Les hypothèses de Lucrèce sur l’histoire du langage –conçu selon un développement naturaliste grâce à « au pouvoir de la voix (vox) et de la langue (lingua) » – porte sur cette deuxième étape. Lucrèce rejette l'idée qu'un individu a créé la langue et en a enseigné l'usage aux autres. Au lieu de cela, il présente un récit naturaliste des origines du langage, distinct des origines de la société humaine, en affirmant que « pour ce qui est des divers sons de la parole, c'est la nature qui a incité les êtres humains à les prononcer, et c'est l'utilité qui a forgé les noms des choses ». Ce processus s'apparente, selon Lucrèce, à celui des enfants qui pointent « du doigt les objets qui les entourent ». Les humains [ont produit] comme « les animaux domestiques et les espèces de bêtes sauvages », des bruits différents pour signifier « des sentiments différents » et « des choses différentes ». […] Le langage humain est donc différent de la communication animale en degré plutôt qu'en nature, et le langage serait apparu spontanément de manière décentralisée. » (pp. 19-20).
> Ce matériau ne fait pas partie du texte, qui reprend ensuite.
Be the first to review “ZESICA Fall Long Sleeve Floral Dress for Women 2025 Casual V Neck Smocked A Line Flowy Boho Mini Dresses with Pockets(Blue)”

« Lucrèce suggère qu'il vaut mieux vivre paisiblement en tant que sujet que de désirer régner sur des États (regere imperio res) et contrôler des royaumes (regna tenere). C'est un moment marquant de son poème : si les humains ne recherchaient pas (à tort) le pouvoir pour atteindre la stabilité et éviter la mort, ils se porteraient mieux. » (p.21)
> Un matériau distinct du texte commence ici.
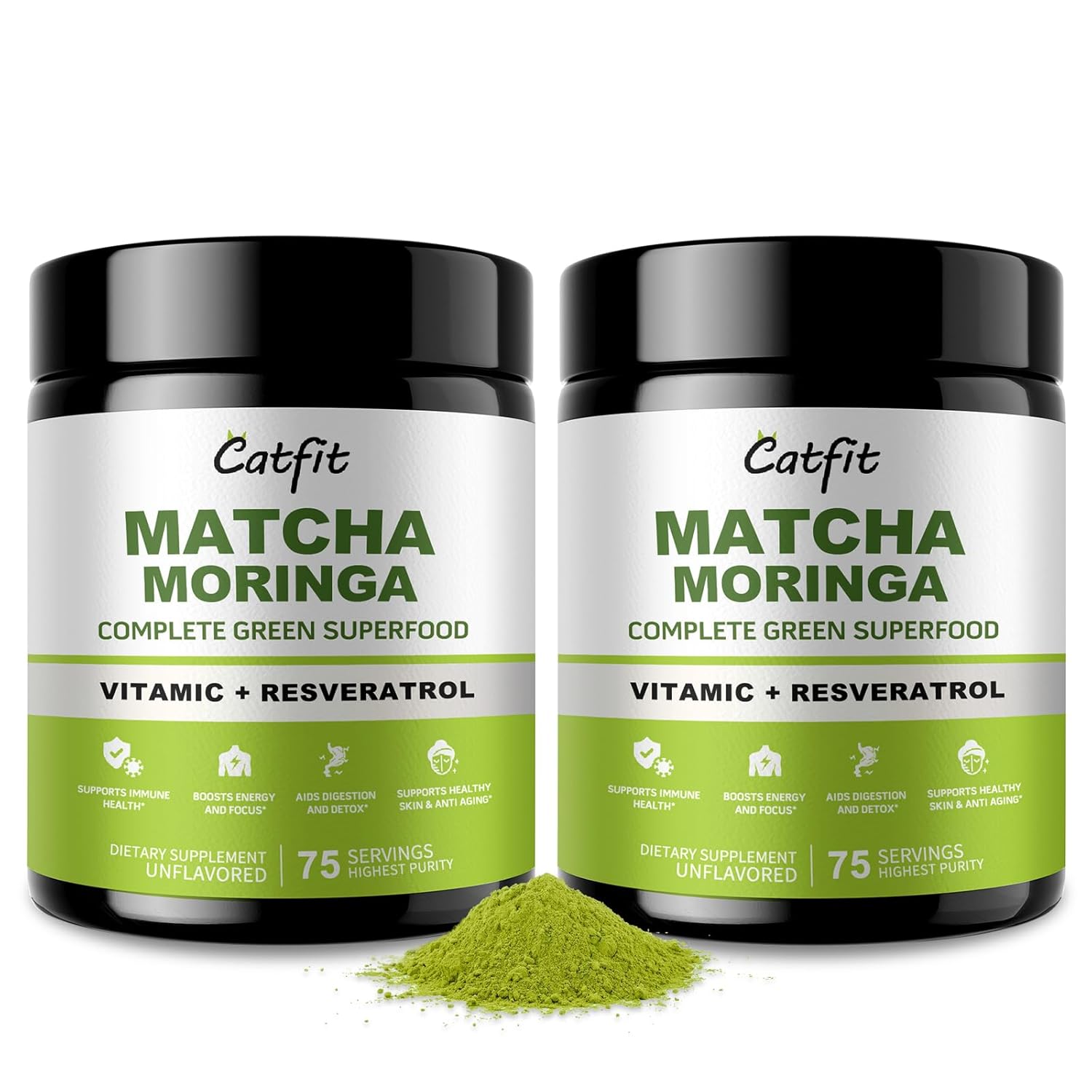 Powerful Superfood Blend – Catfit moringa powder contains 1,655mg matcha powder, 1,200mg moringa leaf powder, green tea powder & resveratrol per serving. This formula provides comprehensive health support, including energy enhancement, antioxidant protection, and immune system strengthening.

« Le fait que les humains soient soumis à des lois qui leur font peur [...] n'émerge qu'à la suite d'un ensemble complexe de développements historiques, bien qu'à ce moment-là, les humains de Lucrèce aient une allure résolument « hobbesienne » et la volonté correspondante de se soumettre à la coercition. […] Lucrèce explique la peur qu’expérimente l'humanité par la tendance à « exercer une vengeance plus cruelle (ex ira) que ne le permettent les lois équitables » en raison de la colère (ira). Dès lors, la « peur du châtiment (metus... poenarum) a empoisonné les bienfaits (praemia) de la vie ». Bien que Lucrèce soit une sorte de républicain […] [il conçoit un idéal social] dans lequel le monde pourrait être meilleur si nous étions tous bien éduqués, et donc si nous avions moins besoin d'être gouvernés par des lois. » (p.23)

« Désirer les mauvais objets -la richesse, la célébrité et le pouvoir/la sécurité- à cause de la peur de la mort dont ils semblent être un remède, provoque des guerres civiles et nécessite la création d'un régime basé sur la « peur du châtiment » […] Sans notre besoin pathologique de ces faux biens, les humains pourraient vivre -et ont jadis vécu- dans un ordre pacifique sans centralisation autoritaire ; un progrès moral pourrait donc nous rapprocher de ce que nous avons perdu. » (pp.24-25)

« Hobbes ne nous dit pas quand cette condition [naturelle de l’Homme] a commencé, ce qui l'a précédée, ni précisément quand elle s'est terminée ; en effet, après avoir décrit « la condition naturelle de l'humanité », qui s'avère être « le temps que les hommes vivent sans une Puissance commune pour les maintenir tous dans la subjugation », il déclare qu'il croit que le monde « n'a jamais été généralement ainsi ». » (p.27)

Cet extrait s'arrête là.